Input data:
= Beginning of Section =
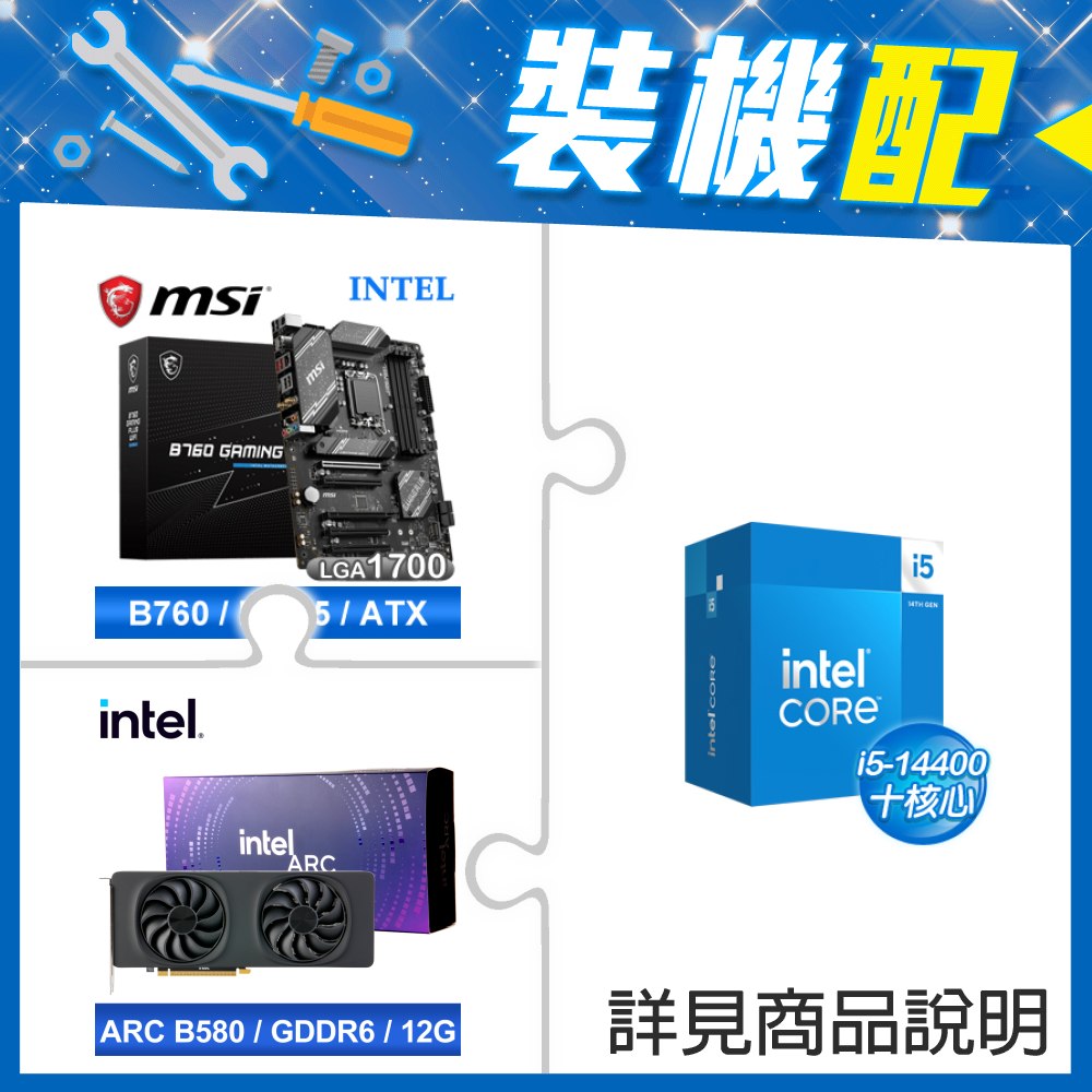 ☆裝機配★ i5-14400+微星 B760 GAMING PLUS WIFI D5 ATX主機板+Intel Arc B580 12G 20 Core 顯示卡
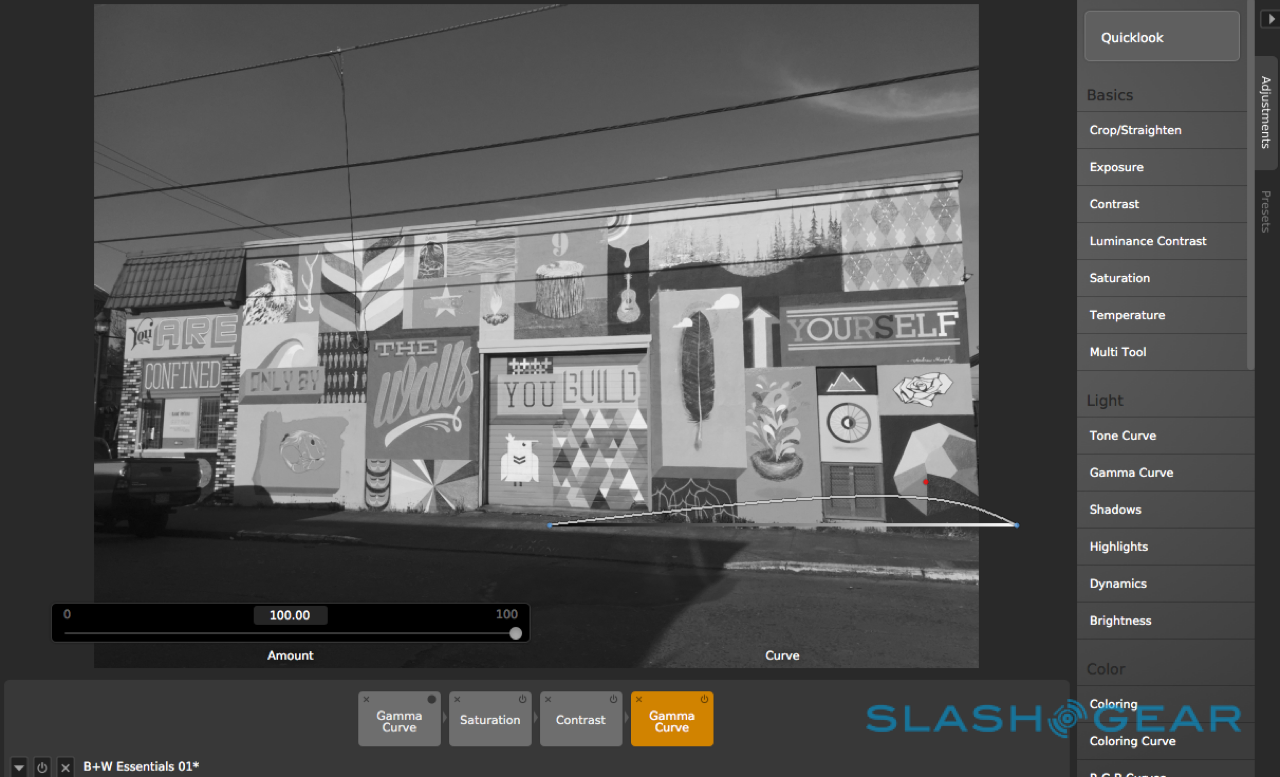 In choosing your editing tool, CameraBag 2 reminds you what they do (don't lie, you've forgotten what a gamma curve is about) and gives you a quick preview of what you'll see if you apply the effect. Same goes for the presets — hover over one, and you get a quick glance at what it offers.
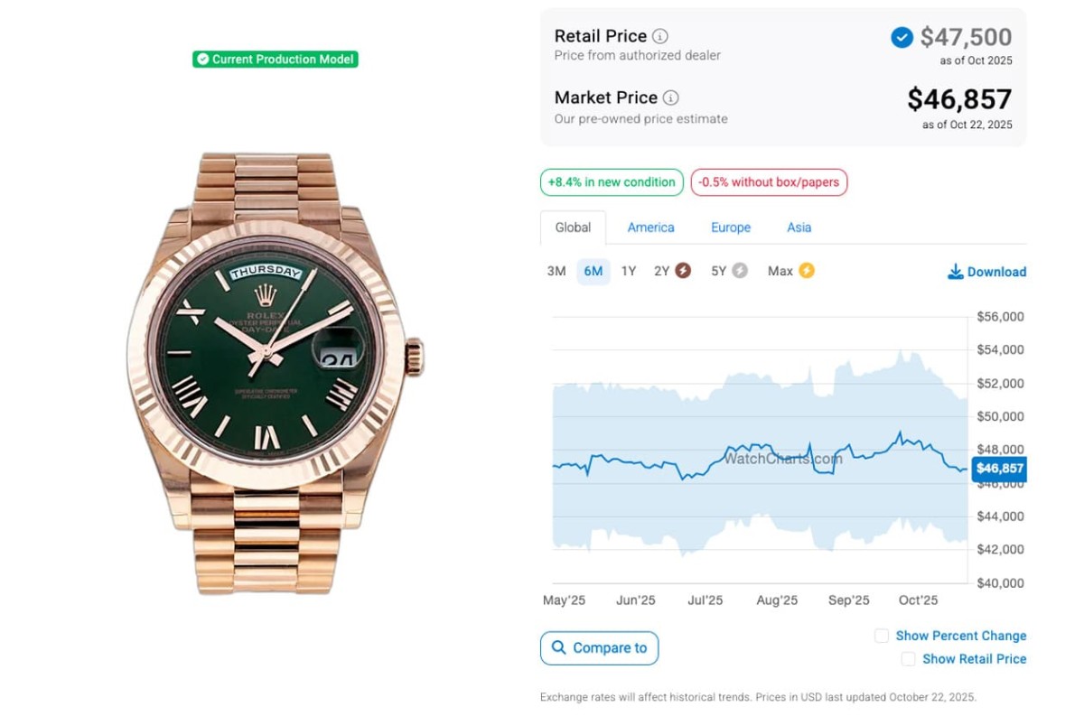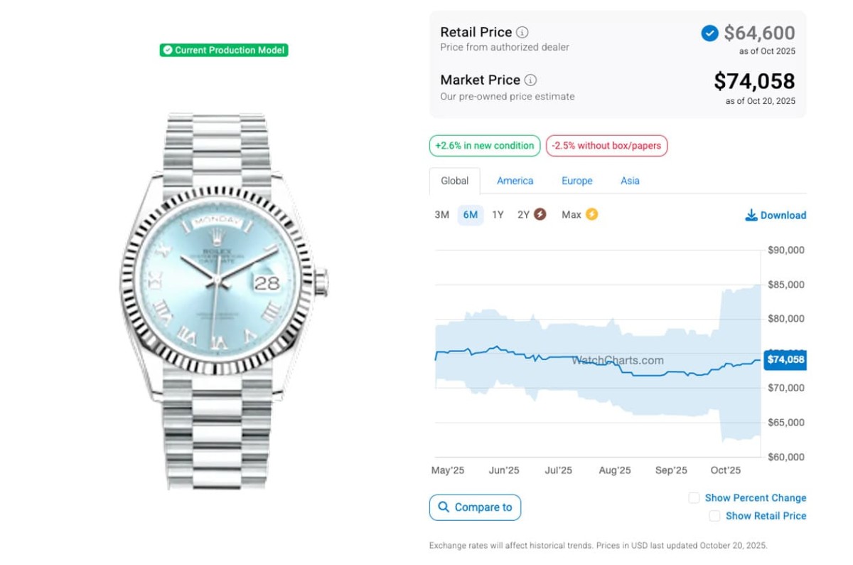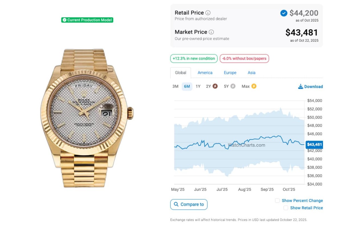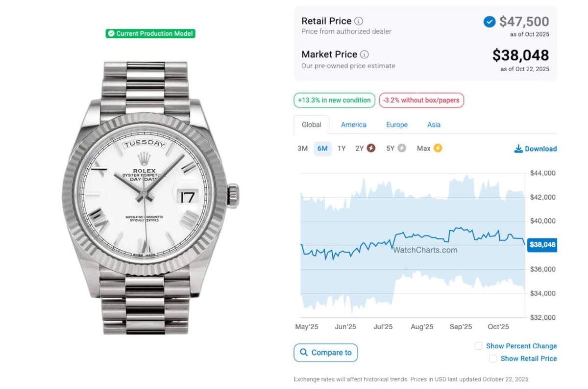 轉眼到了2025年10月,過去半年以來,Day-Date 40mm的二級市場價格有起有落,不同材質之間有各自的發展,其中鉑金款的發展有點戲劇化,原本去年12月它的行情開始一瀉千里跌到該年的谷底,可是從12月中後至2025年2月又突然氣勢如虹成長至2024年10月以來的高峰,然後在那之後又有點疲軟下滑,尤其是4月時跌到今年谷底,近幾個月來略有起伏之後一度降至比4月時更低的價位,不過10月以來又有起色開始往上爬。而一向行情較差強人意的白金款,在2025年1月已開始連流在低檔,可是到了2月後突然衝上來,行情維持到5月,至7月為止又有比較明顯的下滑,可是進入到8月後又再升起,至9月中旬後迄今一路起伏後又再回跌。同樣根據WatchCharts的資料,黃金、永恒玫瑰金、白金與鉑金Day-Date 40mm如今的行情依序是43,481美金(約合台幣133萬8)、46,857美金(約合台幣144萬2)、38,048美金(約合台幣117萬)和74,058美金(約合台幣228萬)。現在已經只剩鉑金款處於超定價,其他三款在本月甚至更早前都已經在定價以內。
= End of Section =
Work to complete:
Repeat only the lines from the one with "In choosing your" through the end of the data, both included and exactly as written. Pictures stay out of the copy.

Your solution:
 In choosing your editing tool, CameraBag 2 reminds you what they do (don't lie, you've forgotten what a gamma curve is about) and gives you a quick preview of what you'll see if you apply the effect. Same goes for the presets — hover over one, and you get a quick glance at what it offers.
 轉眼到了2025年10月,過去半年以來,Day-Date 40mm的二級市場價格有起有落,不同材質之間有各自的發展,其中鉑金款的發展有點戲劇化,原本去年12月它的行情開始一瀉千里跌到該年的谷底,可是從12月中後至2025年2月又突然氣勢如虹成長至2024年10月以來的高峰,然後在那之後又有點疲軟下滑,尤其是4月時跌到今年谷底,近幾個月來略有起伏之後一度降至比4月時更低的價位,不過10月以來又有起色開始往上爬。而一向行情較差強人意的白金款,在2025年1月已開始連流在低檔,可是到了2月後突然衝上來,行情維持到5月,至7月為止又有比較明顯的下滑,可是進入到8月後又再升起,至9月中旬後迄今一路起伏後又再回跌。同樣根據WatchCharts的資料,黃金、永恒玫瑰金、白金與鉑金Day-Date 40mm如今的行情依序是43,481美金(約合台幣133萬8)、46,857美金(約合台幣144萬2)、38,048美金(約合台幣117萬)和74,058美金(約合台幣228萬)。現在已經只剩鉑金款處於超定價,其他三款在本月甚至更早前都已經在定價以內。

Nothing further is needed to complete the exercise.